Another problem is inconsistency: calc_period_shift() uses the plain
vm_dirty_ratio value, which may be a problem when vm.dirty_ratio is set
to < 5 by the user.
CC: Peter Zijlstra <[email protected]>
Signed-off-by: Wu Fengguang <[email protected]>
---
kernel/sysctl.c | 3 ++-
mm/page-writeback.c | 10 ++--------
2 files changed, 4 insertions(+), 9 deletions(-)
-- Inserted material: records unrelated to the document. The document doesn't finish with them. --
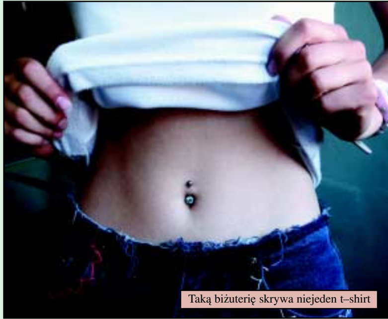
Taką biżuterię skrywa niejedyn t-shirt

Kolczyki były znane już w starożytności, jednak tylko najbogatsi nosili wtedy ozdoby ze złota lub srebra. Były one oznaką przynależności do wyższej klasy społecznej. Natomiast najubożsi zdobili ciało kolczykami z miedzianego drutu, kości i piór.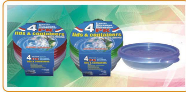
ARTNO.:YWT-1823-red cover/1823-green cover/1823-15oz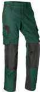
2230 5370-6599 KÜBLER INNOVATIO HOSE 40-66, 90-118, 25-31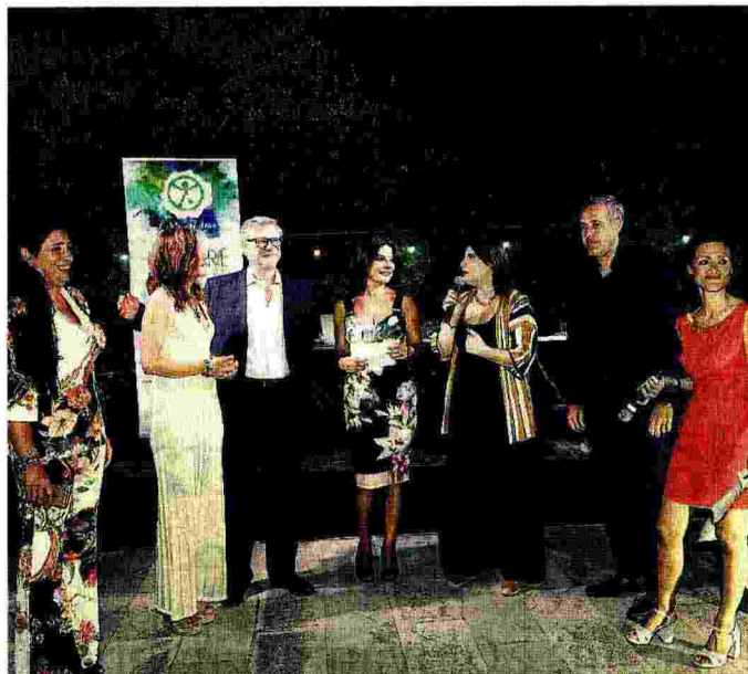
Una serata speciale, con atmosfere anni '60 L'evento organizzato nel giardino della "Gazzetta" da Nemo Sud ha attirato circa trecento persone

--- linux-next.orig/kernel/sysctl.c 2010-08-05 22:48:34.000000000 +0800
+++ linux-next/kernel/sysctl.c 2010-08-05 22:48:47.000000000 +0800
@@ -126,6 +126,7 @@ static int ten_thousand = 10000;
/* this is needed for the proc_doulongvec_minmax of vm_dirty_bytes */
static unsigned long dirty_bytes_min = 2 * PAGE_SIZE;
+static int dirty_ratio_min = 5;
/* this is needed for the proc_dointvec_minmax for [fs_]overflow UID and GID */
static int maxolduid = 65535;
@@ -1031,7 +1032,7 @@ static struct ctl_table vm_table[] = {
.maxlen = sizeof(vm_dirty_ratio),
.mode = 0644,
.proc_handler = dirty_ratio_handler,
- .extra1 = &zero,
+ .extra1 = &dirty_ratio_min,
.extra2 = &one_hundred,
},
{
--- linux-next.orig/mm/page-writeback.c 2010-08-05 22:48:42.000000000 +0800
+++ linux-next/mm/page-writeback.c 2010-08-05 22:48:47.000000000 +0800
@@ -415,14 +415,8 @@ void global_dirty_limits(unsigned long *
if (vm_dirty_bytes)
dirty = DIV_ROUND_UP(vm_dirty_bytes, PAGE_SIZE);
- else {
- int dirty_ratio;
-
- dirty_ratio = vm_dirty_ratio;
- if (dirty_ratio < 5)
- dirty_ratio = 5;
- dirty = (dirty_ratio * available_memory) / 100;
- }
+ else
+ dirty = (vm_dirty_ratio * available_memory) / 100;
if (dirty_background_bytes)
background = DIV_ROUND_UP(dirty_background_bytes, PAGE_SIZE);
On Fri, 06 Aug 2010 00:10:58 +0800
Wu Fengguang <[email protected]> wrote:
> Force a user visible low bound of 5% for the vm.dirty_ratio interface.
>
> Currently global_dirty_limits() applies a low bound of 5% for
> vm_dirty_ratio. This is not very user visible -- if the user sets
> vm.dirty_ratio=1, the operation seems to succeed but will be rounded up
> to 5% when used.
>
> Another problem is inconsistency: calc_period_shift() uses the plain
> vm_dirty_ratio value, which may be a problem when vm.dirty_ratio is set
> to < 5 by the user.
The changelog describes the old behaviour but doesn't describe the
proposed new behaviour.
> --- linux-next.orig/kernel/sysctl.c 2010-08-05 22:48:34.000000000 +0800
> +++ linux-next/kernel/sysctl.c 2010-08-05 22:48:47.000000000 +0800
> @@ -126,6 +126,7 @@ static int ten_thousand = 10000;
>
> /* this is needed for the proc_doulongvec_minmax of vm_dirty_bytes */
> static unsigned long dirty_bytes_min = 2 * PAGE_SIZE;
> +static int dirty_ratio_min = 5;
>
> /* this is needed for the proc_dointvec_minmax for [fs_]overflow UID and GID */
> static int maxolduid = 65535;
> @@ -1031,7 +1032,7 @@ static struct ctl_table vm_table[] = {
> .maxlen = sizeof(vm_dirty_ratio),
> .mode = 0644,
> .proc_handler = dirty_ratio_handler,
> - .extra1 = &zero,
> + .extra1 = &dirty_ratio_min,
> .extra2 = &one_hundred,
> },
I forget how the procfs core handles this. Presumably the write will
now fail with -EINVAL or something? So people's scripts will now
error out and their space shuttles will crash?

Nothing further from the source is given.